Le jeune 7 a été mis sous tutelle sur demande de sa mère lorsque celle-ci a commencé à souffrir d’une importante dépression (suite à la séparation avec le père). Le jeune 2 évoque un manque d’attention et de compréhension de la part de ses parents, aspect qui l’aurait amené à se comporter d’une telle manière. La jeune adulte 12 entretient des rapports très difficiles avec sa belle-mère à qui elle refuse d’obéir. Dans le cas du jeune 9, on assiste à un renversement du cadre parental. A 9 ans, il doit s’occuper de sa mère malade, alors que son père est absent. Ou encore, les jeunes 8 et 15 expliquent que leurs mères étaient dépassées par

les situations et les événements ; de plus, le jeune 8 avoue qu’au cycle, il ne reconnaît plus sa mère en tant qu’autorité.

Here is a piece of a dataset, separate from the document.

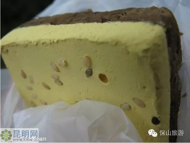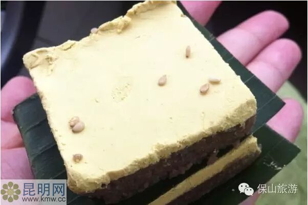 其實(shí)松花糕不是什么佳肴,而是一種采用天然的松花粉加紅豆做成的小吃(當(dāng)然也有用黃豆的)。松花粉被科學(xué)界譽(yù)為天然食品之冠,富于營(yíng)養(yǎng),其中蛋白質(zhì)含量為牛肉和雞蛋的七倍,而且以游離氨基酸的形式存在,易被消化吸收。它對(duì)各種疾病有奇妙的功能。常食某些花粉對(duì)貧血、腦功能紊亂、用腦過(guò)度和幼兒大腦遲鈍、毛細(xì)管強(qiáng)度不足等有療效。更有強(qiáng)筋健骨、增強(qiáng)勞動(dòng)耐力、增進(jìn)食欲和延年益壽的功能。松花糕,最上面一層是厚厚的黃色天然松花粉,松花粉上面撒有一些芝麻。下面一層褐紅色的是夾著紅豆碎塊的紅豆沙。再下一層黃色的松花粉和褐紅色的豆沙,最下面一層是制糕粉。騰沖當(dāng)?shù)厝说乃苫ǜ馐且话逡话宓刈龀鰜?lái)的,每一板大約30×60公分大小,再用小刀劃成3×3公分左右的小塊,每塊也就半公分多厚。它整整齊齊的擺在一只淺底的大木盒子里,上面用一張塑料薄膜蓋著。有食客買時(shí),攤主就會(huì)拿出一只小鋁皮鏟子,小心翼翼的鏟起幾塊。為了保證松花糕的新鮮,攤主每天只做一盒,賣完便回家,第二天再做再賣。
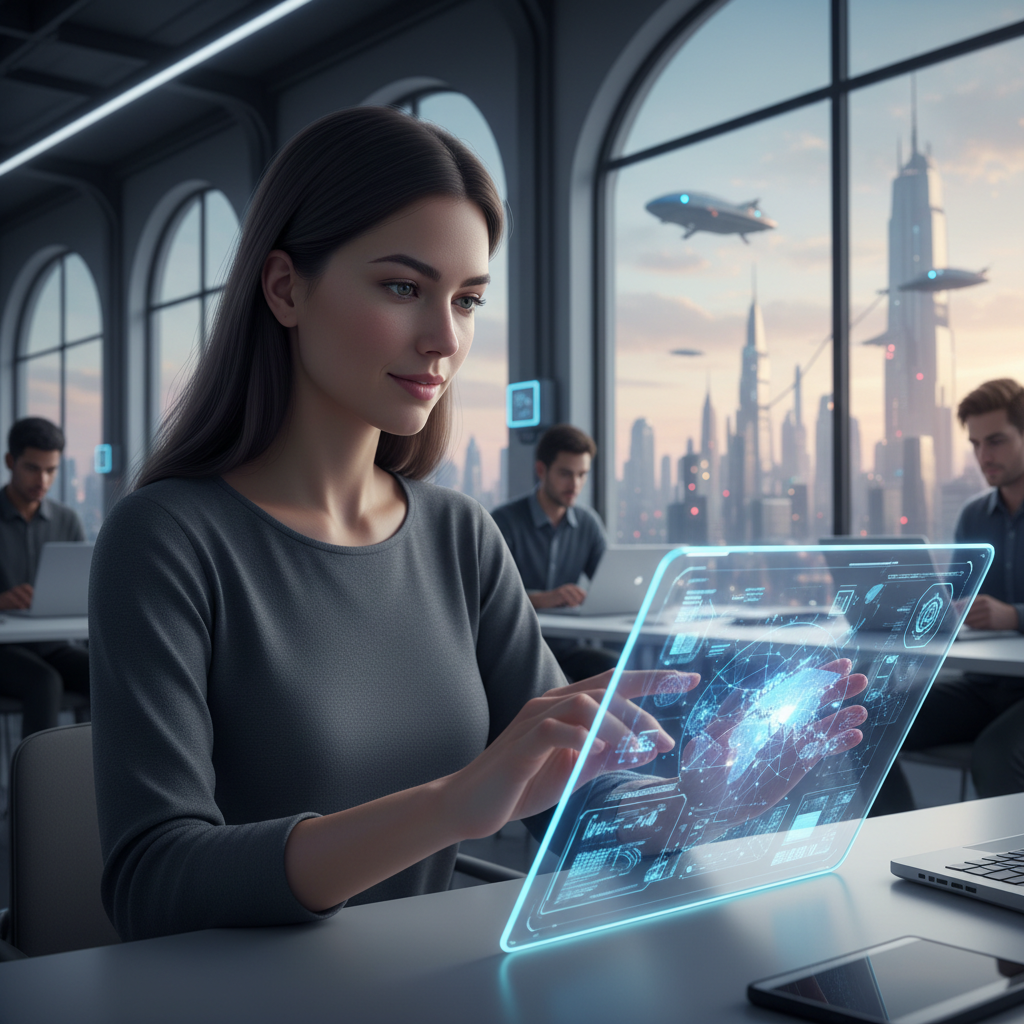 Na zdjęciu: kobieta korzysta z tabletu, na ekranie widać nowoczesny interfejs AI analizujący oferty noclegowe, co ilustruje praktyczne zastosowanie sztucznej inteligencji w turystyce.

Il ressort de nos résultats différentes stratégies de contournement du cadre qui correspondent aux ruses adoptées par nos jeunes pour éviter que la famille soit informée des comportements perturbateurs et des difficultés à l’école. Certains jeunes (1, 2 et 11) interceptaient le courrier ou ne donnaient pas les communications de l’école aux parents ou les brûlait. D’autres (jeunes 8 et 9) faisaient croire à leurs parents qu’ils se rendaient à l’école tous les matins en sortant de bonne heure. Le jeune 9, attendait le départ du père, réveillait sa mère qui ne parlait pas bien le français pour lui faire signer sa quinzaine.